• Tidak ada hasil yang ditemukan

2.6.1 Pengertian Pendidikan Inklusif

Pendidikan inklusif adalah sistem layanan pendidikan yang mensyaratkan ABK belajar di sekolah-sekolah terdekat di kelas biasa bersama teman-teman seusianya (Sapon-Shevin dalam O‟Neil, 1994). Sekolah penyelenggara pendidikan inklusif adalah sekolah yang menampung semua murid di kelas yang sama. Sekolah ini menyediakan program pendidikan yang layak, menantang, tetapi disesuaikan dengan kemampuan dan kebutuhan setiap murid maupun bantuan dan dukungan yang dapat diberikan oleh para guru, agar anak-anak berhasil (Stainback,1980).

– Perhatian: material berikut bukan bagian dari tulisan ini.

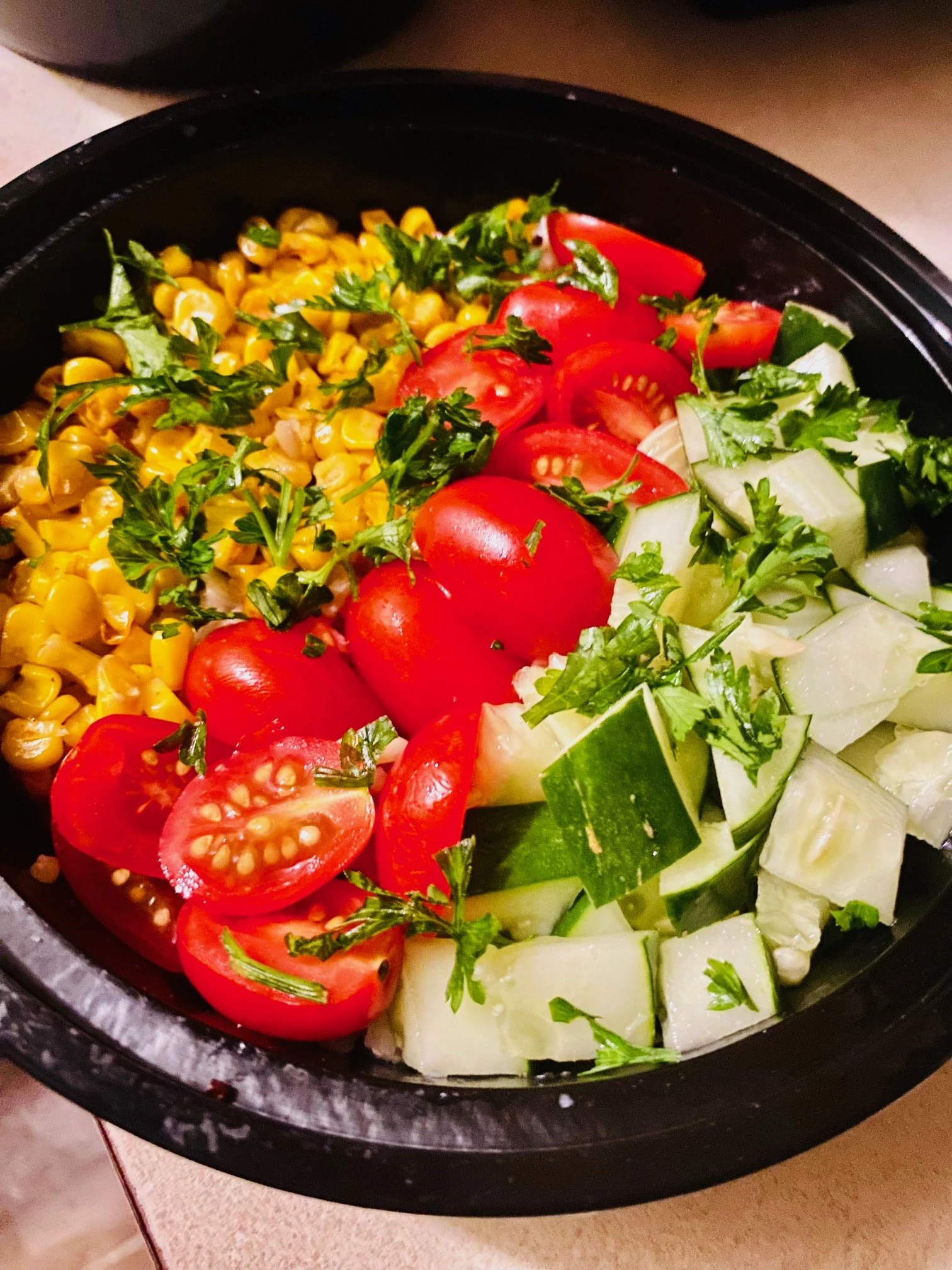 Add ¾ cup roasted corn, ½ cup cherry tomatoes, and ½ cup diced cucumber on top.
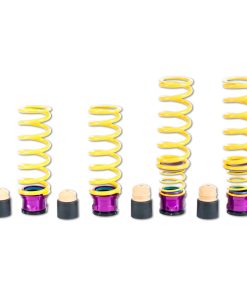 KW (H.A.S) Height Adjustable Spring kits are a great alternative to conventional lowering springs. You are no longer stuck with a fixed lowering height. KW H.A.S. systems allow you to adjust the vehicle ride height with the KW height adjuster even after the kit has been installed. Your vehicle not only gets a more dynamic look, but also the steering behavior and response of the standard dampers becomes more agile. All driver assistance systems and comfort features of a factory adaptive or electronic suspension remain operational and work harmoniously with our vehicle specific spring set up. KW uses high-quality springs made of chrome-silicon steel with spring rates designed specifically for each respective OE suspension damper and wheel load. KW’s expertise and engineering ensure the spring rates will pair perfectly with the different damper characteristics of your factory adaptive electronic suspension. Along with the use of high quality materials and the included KW ride height Adjustment -echanisms, our KW H.A.S. kits always includes the vehicle-specific bump stops with dust protection system to protect your factory suspension against wear & tear caused by road grime and debris. Similar to a coilover suspension, the KW H.A.S kit allow a continuous adjustable ride height within a tested range, something not possible with conventional lowering springs. The dust protection elements and spring perches included in the delivery, when applicable, are always adjusted to the maximum technically possible lowering, typically limited by the factory dampers. With KW height adjustable springs, a sporty and harmonious driving behavior can be achieved without the driving dynamics of performance-oriented vehicles suffering. As with all KW suspension products our engineers develop vehicle specific parameters and spring specifications which undergo comprehensive testing on the Nurburgring Nordschleife and in our KW 7-post Driving Dynamic Test Center.

Berdasarkan Permendiknas nomor 70 Tahun 2009 menyebutkan bahwa pendidikan inklusif bertujuan memberikan kesempatan yang seluas-luasnya

kepada semua peserta didik yang memiliki kelainan fisik, emosional, mental dan sosial atau memiliki kecerdasan dan atau bakat istimewa untuk memperoleh pendidikan yang bermutu sesuai dengan kebutuhan dan kemampuannya dan mewujudkan penyelenggaraan pendidikan yang menghargai keanekaragaman dan tidak diskriminatif bagi semua peserta didik.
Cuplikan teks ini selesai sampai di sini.